Your first birthday is quickly approaching. Surprisingly I am not dreading it as much as I thought I would. I decided early on that I wanted to plan some sort of event to celebrate you and hosting a 5K in your honor felt like the perfect fit for our little runner. I have been able to keep myself busy focusing all of my attention on planning your big day. Everything is coming together perfectly. It is going to be quite the turnout! My initial goal was to get 100 people signed up for our first year. This week we broke 200. 😳 I can't believe we have that many people signed up to be a part of this. But it just goes to show how many lives you impacted in your short time here on Earth. 

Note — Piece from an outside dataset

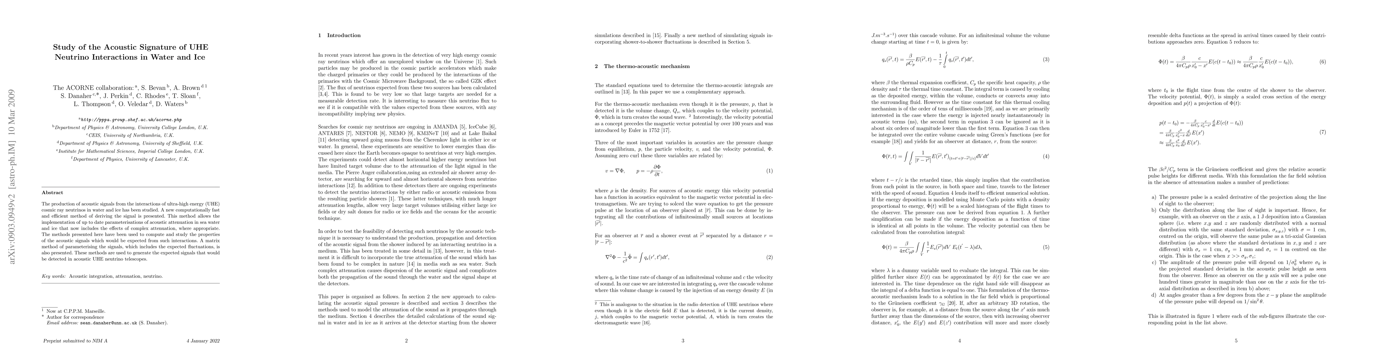 This study investigates the acoustic signatures produced by ultra-high energy neutrino interactions in water and ice, employing a new efficient computational method. The research includes updated parameterizations for acoustic attenuation, generating expected signals for detection in acoustic UHE neutrino telescopes.

I want to share a realization I came to recently. I love it when people ask me questions about you, and one of the most common questions I get asked is "what is your favorite memory you have with JJ?" I never know how to answer this question because there are too many to choose from. I can't begin to pick just one. We did so many fun things together. From going to the beach, the pool, all the Carolina football games, the Cooper River run, the State Fair, the pumpkin patch, trick-or-treating, to all the little things in between. Every second spent with you was a gift. Though your time here with us was short, we packed a lot into those five months we spent together.  And I can’t help but think how lucky I am to be able to say that I have so many great memories with you, I can't possibly pick just one.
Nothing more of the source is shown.